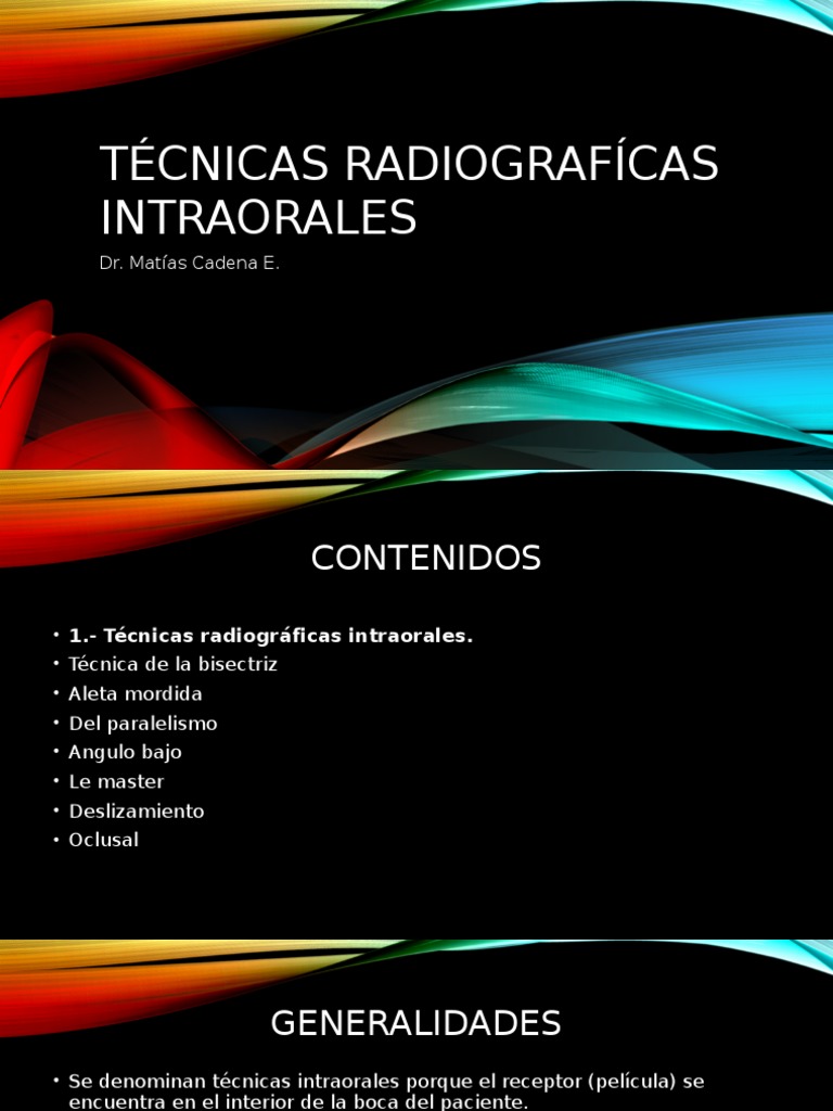 • Las técnicas intraorales se aplican con radiografía convencional o digital.
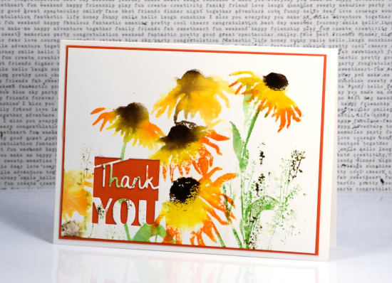 I still worked with a stamp positioner so I could add a colour at a time. I began by inking the petals in scattered straw distress stain, stamped then inked more of the petals in spiced marmalade, spritzed the stamp and finally while the petals were still damp in places I added ground espresso for the flower centres. I inked and stamped the stems and leaves in mowed lawn distress stain. When the daisies were dry I stamped some extra grasses with the ‘feathery’ stamp in forest moss and mowed lawn distress stain.
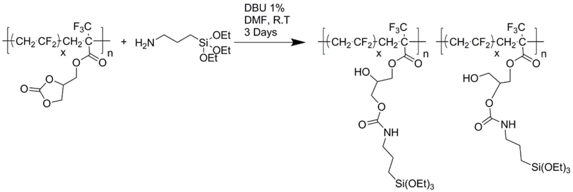 Chemical modification of poly(VDF-co-MAF-CyCB) copolymers by ring opening of cyclocarbonate with an aminopropyl triethoxysilane [31].

───

**WHAT THE EXERCISE ASKS:**
When you output the listing, reproduce it exactly but drop its pictures.

**TASK OUTPUT:**
 • Las técnicas intraorales se aplican con radiografía convencional o digital.
 I still worked with a stamp positioner so I could add a colour at a time. I began by inking the petals in scattered straw distress stain, stamped then inked more of the petals in spiced marmalade, spritzed the stamp and finally while the petals were still damp in places I added ground espresso for the flower centres. I inked and stamped the stems and leaves in mowed lawn distress stain. When the daisies were dry I stamped some extra grasses with the ‘feathery’ stamp in forest moss and mowed lawn distress stain.
 Chemical modification of poly(VDF-co-MAF-CyCB) copolymers by ring opening of cyclocarbonate with an aminopropyl triethoxysilane [31].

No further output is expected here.